┌─ Record set

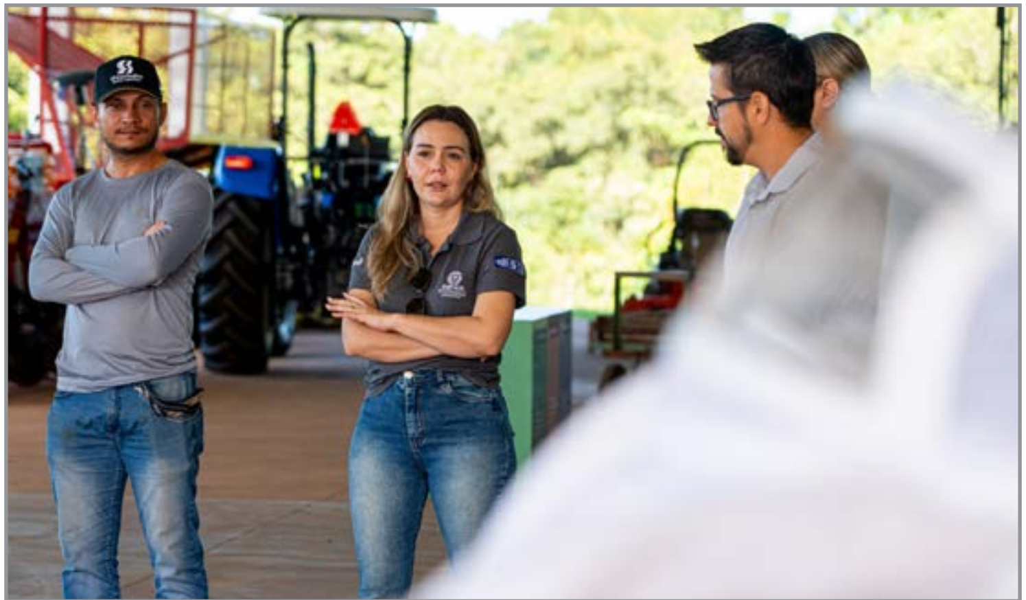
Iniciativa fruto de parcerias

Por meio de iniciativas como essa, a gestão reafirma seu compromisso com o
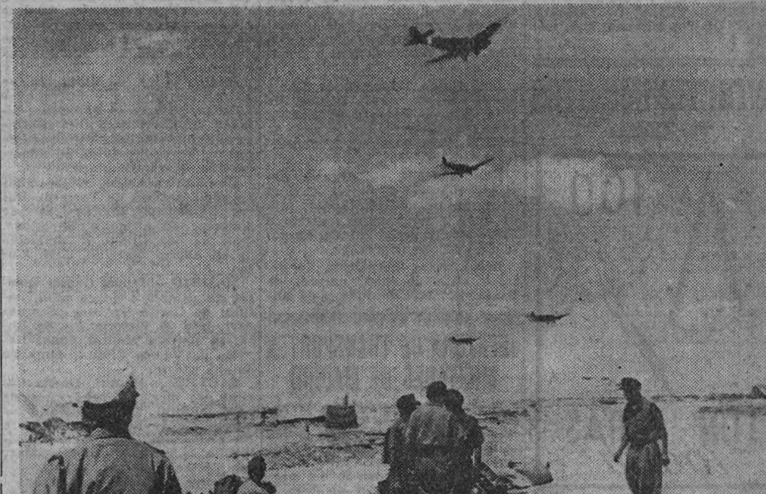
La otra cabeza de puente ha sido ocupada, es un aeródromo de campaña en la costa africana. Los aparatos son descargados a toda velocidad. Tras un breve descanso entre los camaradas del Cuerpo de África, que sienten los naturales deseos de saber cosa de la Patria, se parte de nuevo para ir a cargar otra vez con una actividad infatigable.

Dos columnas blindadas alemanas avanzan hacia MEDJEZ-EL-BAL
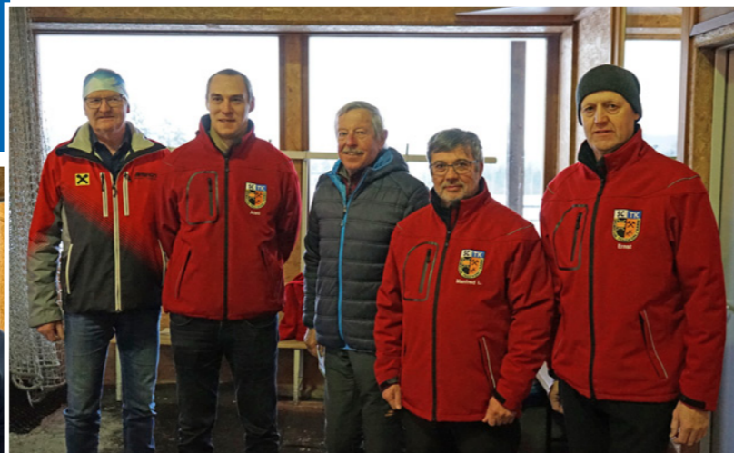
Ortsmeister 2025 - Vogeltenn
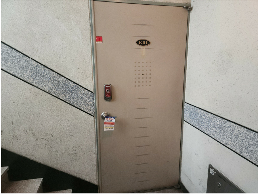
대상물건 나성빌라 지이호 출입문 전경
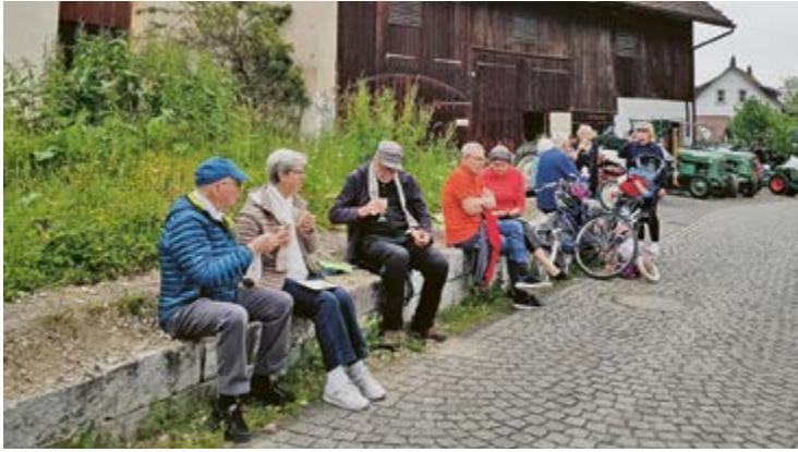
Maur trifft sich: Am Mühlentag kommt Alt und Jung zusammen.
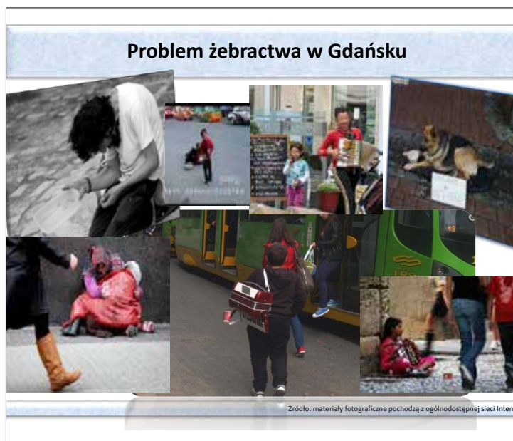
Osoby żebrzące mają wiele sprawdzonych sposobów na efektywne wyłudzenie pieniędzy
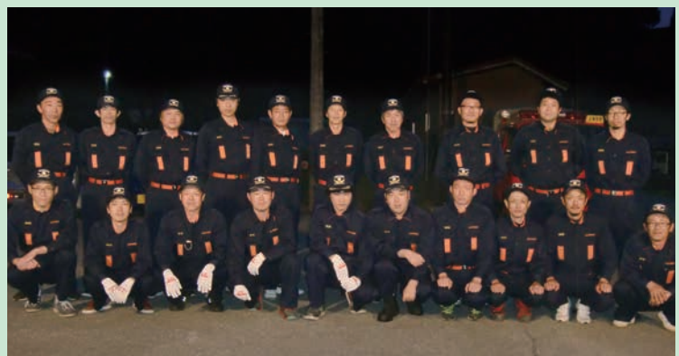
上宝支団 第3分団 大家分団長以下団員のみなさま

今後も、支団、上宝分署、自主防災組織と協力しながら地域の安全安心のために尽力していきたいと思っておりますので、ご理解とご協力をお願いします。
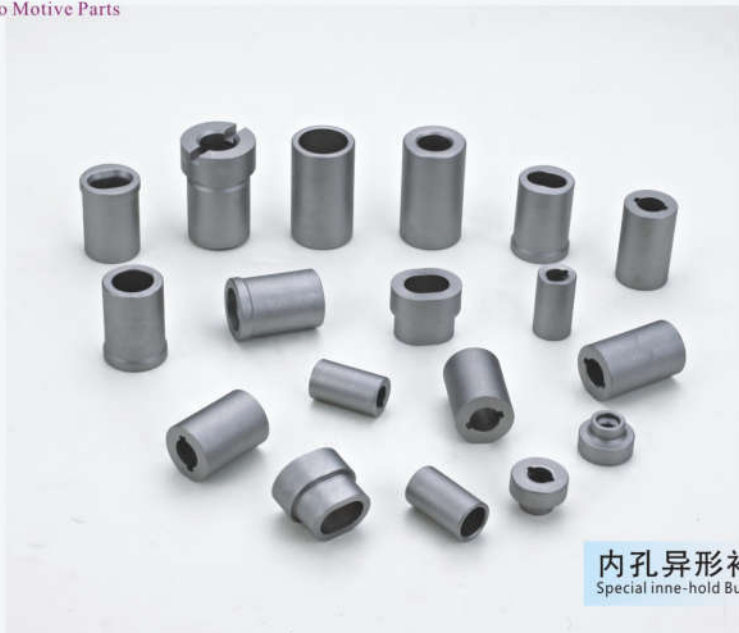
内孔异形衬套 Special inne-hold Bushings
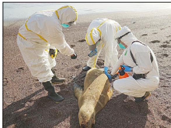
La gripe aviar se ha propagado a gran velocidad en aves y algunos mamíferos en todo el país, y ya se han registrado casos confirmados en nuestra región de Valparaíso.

└─
┌─ Record set

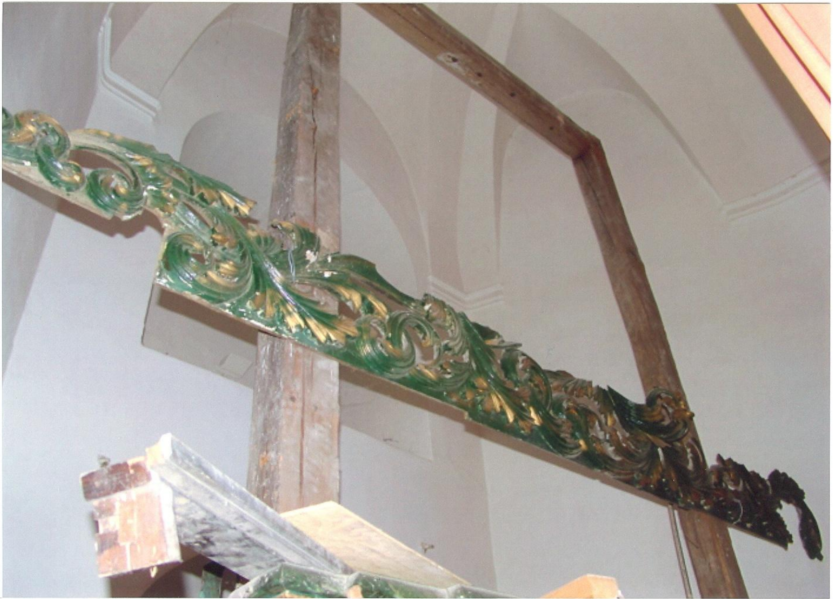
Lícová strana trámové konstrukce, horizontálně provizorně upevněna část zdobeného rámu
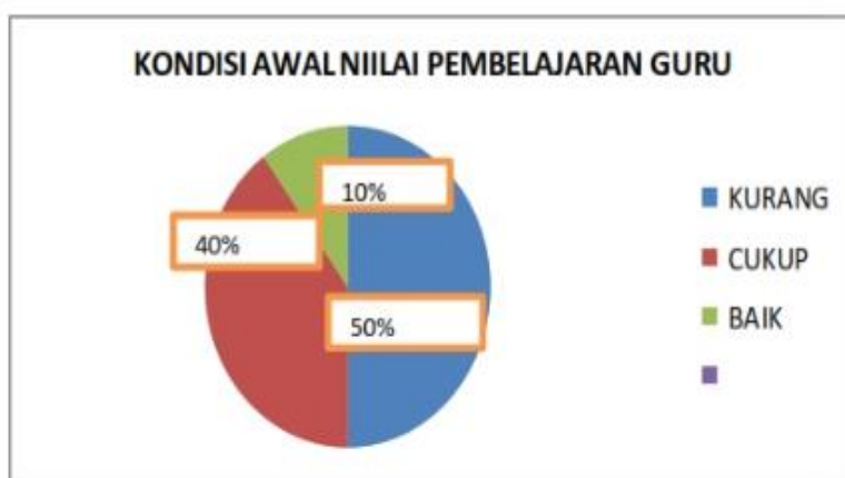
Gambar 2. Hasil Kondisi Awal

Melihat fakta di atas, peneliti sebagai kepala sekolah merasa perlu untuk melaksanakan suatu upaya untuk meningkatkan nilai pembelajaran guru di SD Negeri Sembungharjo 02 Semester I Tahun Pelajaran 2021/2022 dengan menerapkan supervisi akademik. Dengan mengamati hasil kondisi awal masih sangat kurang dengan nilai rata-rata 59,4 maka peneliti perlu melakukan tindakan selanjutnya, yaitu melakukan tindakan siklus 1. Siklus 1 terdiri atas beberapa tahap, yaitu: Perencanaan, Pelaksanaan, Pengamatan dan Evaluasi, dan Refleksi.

└─

Task statement>
Set down, exactly as written above, each line from the one with "上宝支団 第3分団 大家分団長以下団員のみなさま" through the one with "La gripe aviar", and skip the pictures.

Result of this exercise>
上宝支団 第3分団 大家分団長以下団員のみなさま

今後も、支団、上宝分署、自主防災組織と協力しながら地域の安全安心のために尽力していきたいと思っておりますので、ご理解とご協力をお願いします。
内孔异形衬套 Special inne-hold Bushings
La gripe aviar se ha propagado a gran velocidad en aves y algunos mamíferos en todo el país, y ya se han registrado casos confirmados en nuestra región de Valparaíso.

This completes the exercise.